Lübeck - "Was ich dir singen wollte" ist der lapidare Titel seiner Tournee. Doch Herman van Veen singt nicht einfach. Er spielt auch Geige, er macht Witze, er erzählt Geschichten, er zaubert und verzaubert - der Niederländer ist ein begnadeter Performer. Und das Publikum liebt ihn. Am Sonnabend feierten die Zuschauer in der ausverkauften Lübecker MuK ihren Herman mehr als zweieinhalb Stunden lang; acht Zugaben mussten es sein. Es war wie eine Liebesaffäre zwischen Künstler und Publikum.

"Was ich dir singen wollte" ist auch der Titel der neuen CD, die in Zusammenarbeit mit zehn weiteren Musikern entstanden ist. Fünf von ihnen standen in Lübeck mit auf der Bühne. Erik van der Wurff (Klavier), Edith Leerkes (Gitarre), Jann (Geige), Thomas Dirks (Kontrabass) und Wieke Garcia (Percussion, Harfe, galizischer Dudelsack, Drehleier) sind mehr als nur Begleiter eines Stars. Sie treten gleichberechtigt neben ihm auf, entfalten ihre Persönlichkeiten während der Show, haben große Auftritte. Und stehen Herman van Veen an Charme nichts nach. Verblüffend, wie die junge Wieke Garcia überall Rhythmus herausholt - da reichen ein Kasten und zwei Hände, mehr braucht sie nicht, um teuflische Trommelpower zu entzünden. Die barfüßige Edith Leerkes mit der schwarzen Lockenmähne ist eine Meisterin der klassischen Gitarre. Und die attraktive Blondine Jann, die Herman ständig anflirtet, besticht durch elegantes Geigenspiel. Neben diesen drei Frauen gerät sogar Erik van der Wurff etwas ins Hintertreffen. Er ist der treueste musikalische Wegbegleiter Herman van Veens - seit 1963 ist er mit ihm unterwegs.

Starke, handgemachte Musik mit gefühlvollen Texten bot das Sextett. Die deutschen Übersetzungen (zum Teil von Heinz Rudolf Kunze) hat sich Herman van Veen noch nicht ganz zu eigen gemacht, das musste hier und da noch das Textbuch herhalten. Aber schließlich nimmt der 56-Jährige seine Musik in fünf verschiedenen Sprachen auf, da kann man schon durcheinander kommen. Die Balladen etwa über die Tochter, die nun selbst ein kleines Kind hat ("Mein kleiner Schatz") oder den Schmerz nach dem Verlust eines geliebten Menschen ("Kleiner Tip") sind aus dem Leben gegriffen. Gedanken zum Alltag, schnörkellose Poesie.
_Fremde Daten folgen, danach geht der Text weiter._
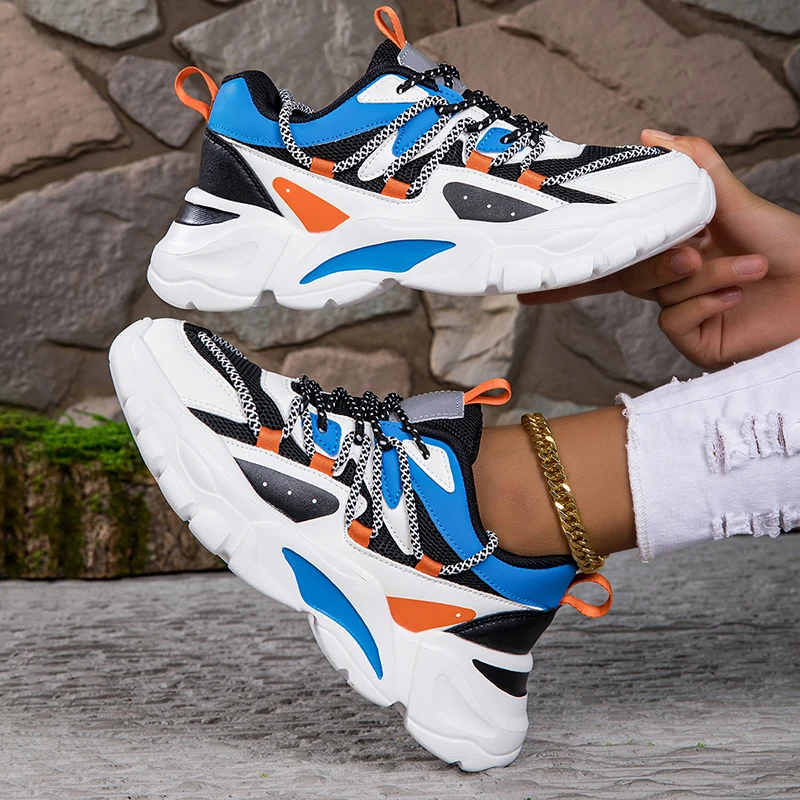 Hot Sale Zapatillas PU Thick Sole Shoes Flat Non-Slip Platform Running Shoes Casual Chunky Sneakers for Outdoor Ladies
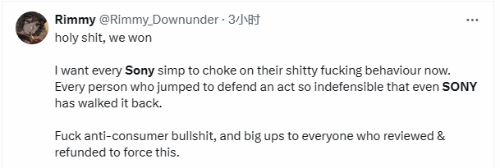 玩家们纷纷发文庆祝,称在这场玩家和索尼的战争中获得了胜利。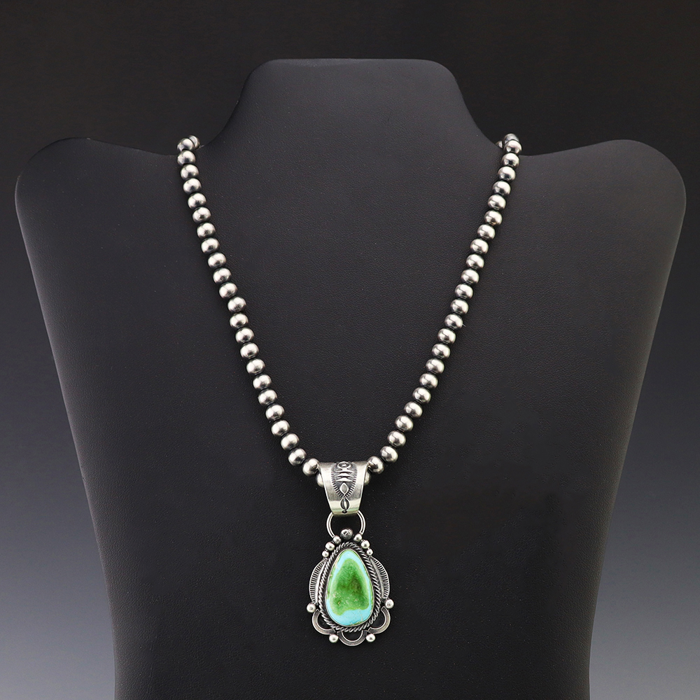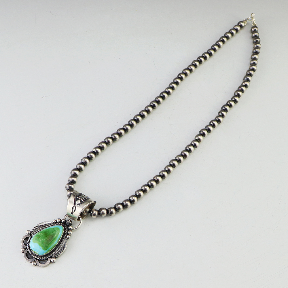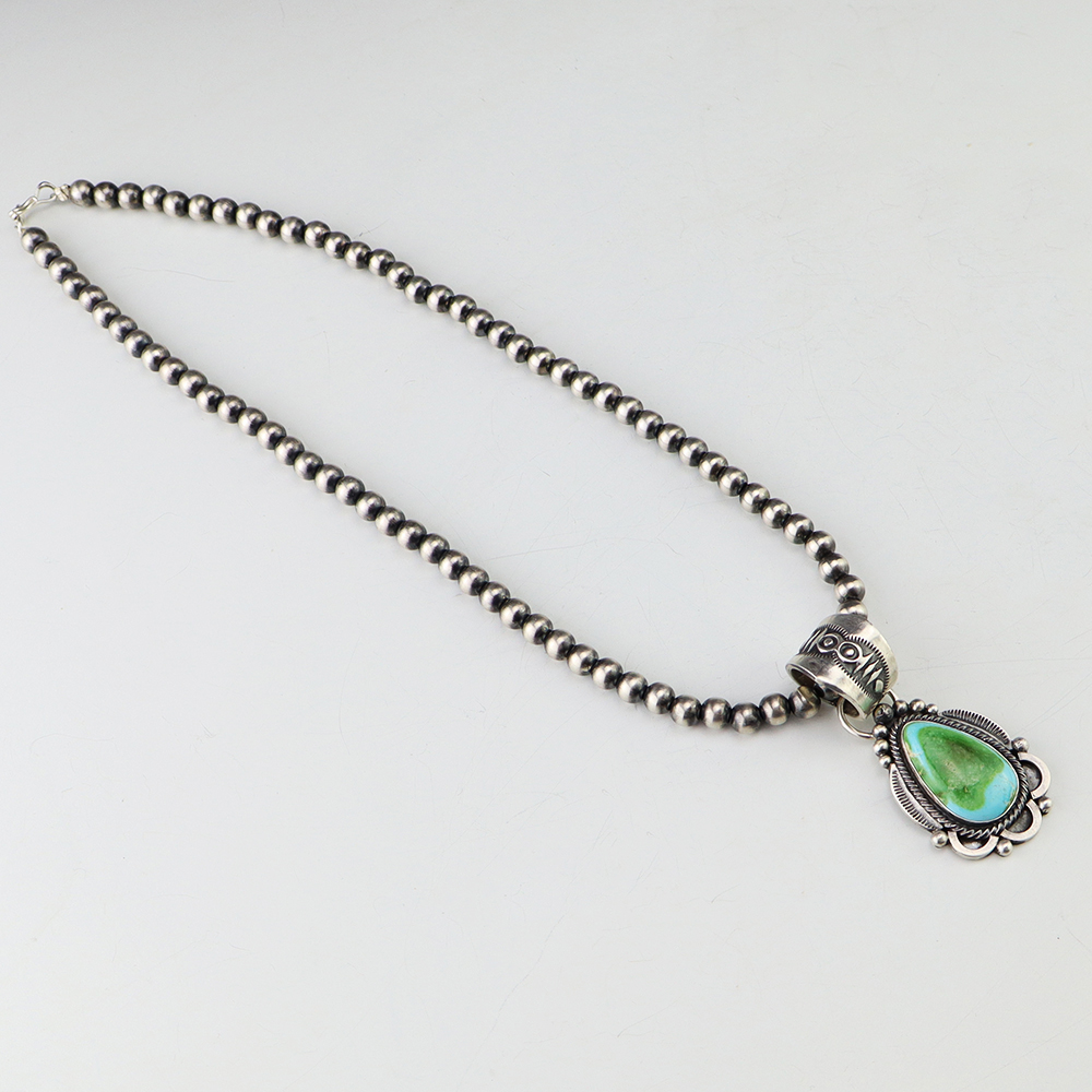 NATIVE AMERICAN NAVAJO STERLING SILVER & TURQUOISE NECKLACE BY GARY CUSTER

Die Gefahr, dass sich auf Dauer zu viel Sentimentalität einstellt, bannt der Künstler durch seine komischen Einlagen - manchmal macht er den Witz, noch während er singt. Zum Beispiel bei dem zarten Liebeslied "Für Marie-Louise": Bei der Textzeile " . . .und streichel mir übers Haar" fasst er an seine Halbglatze. Und schon nimmt er das Publikum mit in seine Ein-Mann-Mini-Oper, in der er den sterbenden Sopran, den Heldentenor und den Chor gibt - zum Sterben komisch. Er lässt sich von einem vermeintlichen Verehrer eine langstielige rote Rose überreichen und gibt jedem der Musiker ein paar Blütenblätter davon ab, bis die Blume ganz zerrupft ist. Er macht eine Charlie-Chaplin-Nummer mit Melone, weißen Handschuhen und Regenschirm ohne Bespannung. Er droht, das Publikum mit einem Wasserschlauch nass zu spritzen, und lässt dann einen glitzernden Sternenregen über ihm niederfallen. Das ist typisch Herman: Traurigkeit, Komik und Poesie gleichzeitig.